* ABOUT THIS EXERCISE
Each line below from the line with "Very elegant child" to the line with "Designed for both" must be copied exactly, including those two, and no picture may appear in the copy.

* RECORDS FOR PROCESSING
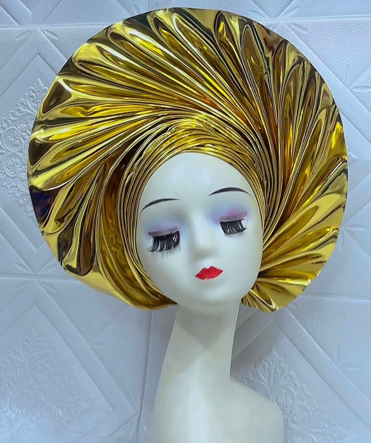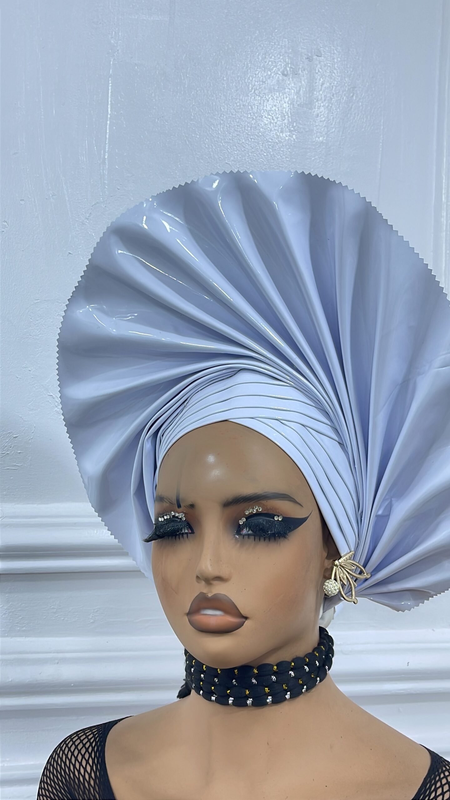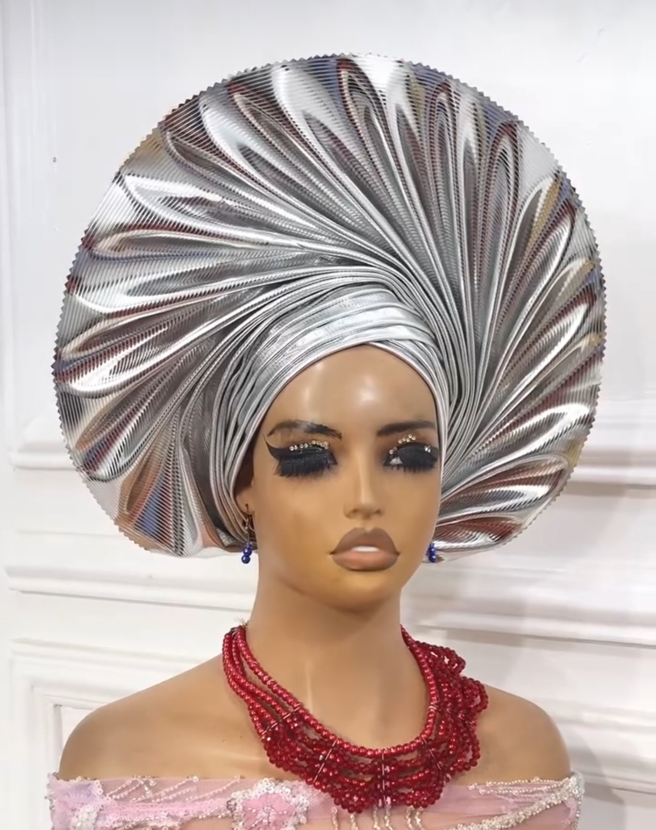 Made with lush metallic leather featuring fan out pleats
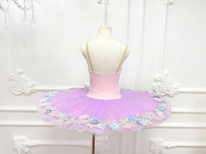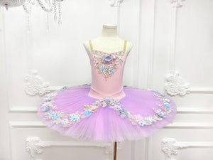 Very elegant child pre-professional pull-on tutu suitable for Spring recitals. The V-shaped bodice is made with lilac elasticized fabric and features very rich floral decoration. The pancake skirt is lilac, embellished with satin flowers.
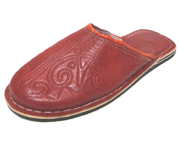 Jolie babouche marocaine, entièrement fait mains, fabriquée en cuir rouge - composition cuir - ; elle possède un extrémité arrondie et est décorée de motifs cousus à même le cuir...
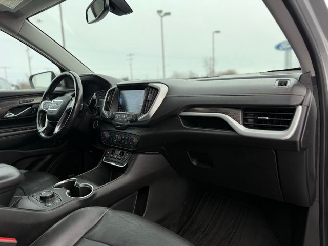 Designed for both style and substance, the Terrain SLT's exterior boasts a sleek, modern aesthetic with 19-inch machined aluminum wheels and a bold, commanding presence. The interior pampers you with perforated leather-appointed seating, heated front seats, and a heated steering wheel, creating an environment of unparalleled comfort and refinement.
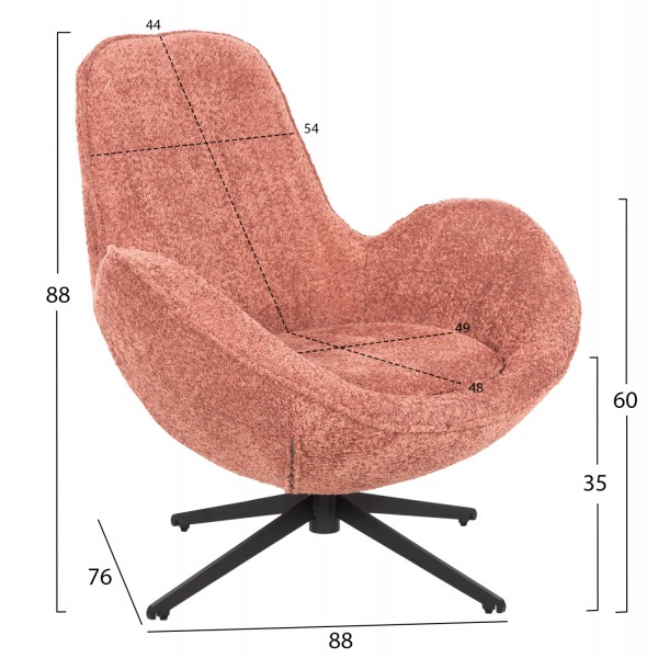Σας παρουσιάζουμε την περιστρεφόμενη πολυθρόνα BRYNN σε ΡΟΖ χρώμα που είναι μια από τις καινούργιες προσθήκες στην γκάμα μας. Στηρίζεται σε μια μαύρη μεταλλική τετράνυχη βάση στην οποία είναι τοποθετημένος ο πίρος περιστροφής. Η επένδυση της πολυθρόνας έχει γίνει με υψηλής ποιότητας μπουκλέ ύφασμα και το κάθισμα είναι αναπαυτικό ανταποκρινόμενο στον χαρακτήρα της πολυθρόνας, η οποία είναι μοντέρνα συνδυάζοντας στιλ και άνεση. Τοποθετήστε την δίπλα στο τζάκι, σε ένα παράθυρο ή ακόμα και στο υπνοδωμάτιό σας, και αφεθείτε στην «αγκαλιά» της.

* RESPONSE BOX
 Very elegant child pre-professional pull-on tutu suitable for Spring recitals. The V-shaped bodice is made with lilac elasticized fabric and features very rich floral decoration. The pancake skirt is lilac, embellished with satin flowers.
 Jolie babouche marocaine, entièrement fait mains, fabriquée en cuir rouge - composition cuir - ; elle possède un extrémité arrondie et est décorée de motifs cousus à même le cuir...
 Designed for both style and substance, the Terrain SLT's exterior boasts a sleek, modern aesthetic with 19-inch machined aluminum wheels and a bold, commanding presence. The interior pampers you with perforated leather-appointed seating, heated front seats, and a heated steering wheel, creating an environment of unparalleled comfort and refinement.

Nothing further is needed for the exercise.